New York Insurance Coverage Law Update

February 23, 2021 | Insurance Coverage

Federal District Court Finds That Virus Exclusion Precludes Coverage For COVID-19-Related Losses

A Manhattan law firm sued Midvale Indemnity Company seeking coverage under the firm’s commercial property insurance policy for losses caused by stay-at-home and social distancing directives issued by New York State in response to the COVID-19 pandemic. The law firm claimed that the stay-at-home orders prevented clients from visiting the firm’s offices, and thus cost it business. The insurer moved to dismiss, and the United States District Court for the Southern District of New York held that the law firm’s claim for coverage was precluded by the “Virus or Bacteria” exclusion in the policy. The court was not persuaded by the law firm’s argument that the firm’s loss most immediately resulted from New State’s stay-at-home and social distancing orders, not the COVID-19 virus. The court stressed that these emergency orders were prompted by the virus, and the policy expressly precluded coverage for  any damage caused “directly or indirectly” by “[a]ny virus” “regardless of any other cause or event that contributes con-currently or in any sequence to the loss.”  Because the court found that this exclusion precluded coverage, it did not reach the insurer’s alternative arguments for dismissal, including that there was no “direct physical loss or damage” to the premises.  [Michael J. Redenburg, Esq. PC v. Midvale Indem. Co., 2021 U.S. Dist. LEXIS 15434 20 Civ. 5818 (S.D.N.Y. Jan. 27, 2020).]

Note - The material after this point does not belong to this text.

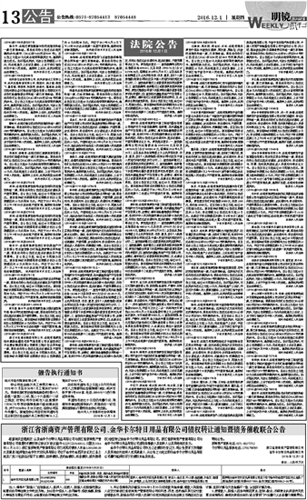 徐志宏:本院已受理原告杨纪才与被告徐志宏买卖合同纠纷一案,因无法通过其他方式向你送达法律文书,现依法向你公告送达起诉状副本、证据副本、应诉通知书、举证通知书、外网查询告知书、合议庭组成人员通知书、风险提示书、民事裁定书及开庭传票。自公告之日起经过60日,即视为送达。提出答辩状和举证的期限为公告送达期满后次日起15日内。本案定于2017年2月16日9时30分在本院第十六审判庭公开开庭审理本案,逾期将依法缺席裁判。宁波市鄞州区人民法院

Tenant’s Insurer Must Cover Landlord As Additional Insured For Accident On Sidewalk In Front Of Leased Premises, First Department Holds

The plaintiff in the underlying action alleged that he slipped and fell on ice on the sidewalk abutting the front of Capital One’s branch building in a shopping center after exiting the building. Capital One leased the building from Waldman, the owner of the shopping center. The owner’s insurer, Wesco Insurance Comp-any, sought coverage for the owner as an additional insured under the tenant’s policy issued by Travelers. The Appellate Division, First Department, held that the tenant’s insurer was obligated to defend and to indemnify the owner in the underlying action because the action arose from the “use” of the leased premises, and that this obligation was “not affected” by the fact that the owner “may have failed to satisfy [its] legal obligations to maintain the sidewalk.”  The court also held that the owner’s insurer had no obligation to defend or to indemnify the tenant because it was not an insured under the owner’s policy.  The court noted that the owner’s policy provided for the defense of the owner’s indemnitees under certain circumstances, but that “the condition that there be no conflict between [the owner’s] and its indemnitee’s interests in the underlying action was not met.” The court concluded that the anti-subrogation doctrine barred the tenant’s insurer from seeking indemnification from the owner on behalf of the tenant in the underlying action because they were both covered under the tenant’s policy for the same risk. [Wesco Ins. Co. v. Travelers Prop. Cas. Co. of Am., 188 A.D.3d 476 (1st Dep’t 2020).]

Second Department Applies Insurance Law §3420(d)

Plaintiff, Harco Construction, LLC, filed a declaratory judgment action (DJ) against First Mercury Insurance Company seeking to be defended and indemnified in underlying bodily injury actions as an additional insured under a policy issued to Harco’s subcontractor. On an initial appeal, the Appellate Division, Second Department, held that the trial court erred in granting the insurer’s motion for summary judgment, finding the insurer did not timely disclaim as required by Insurance Law §3420(d).  Thereafter, the trial court granted summary judgment to Harco, and the subcontractor’s insurer appealed, arguing that §3420(d) no longer applied because “this action is, in effect, one for contribution and/or indemnification asserted by [Harco’s  insurer] as the real party in interest.” The court opined that the fact  that Harco’s insurer “provided a defense in [the underlying actions] and settled one of them [after the DJ was filed] above the limits of [the subcontractor’s] policy did not relieve [the subcontractor’s insurer] of its obligation” to reimburse certain defense and indemnity costs.  [Harco Constr., LLC v. First Mercury Ins. Co., 2021 N.Y. App. Div. LEXIS 290 18 Civ. 14768 (2nd Dep’t Jan. 20, 2020).]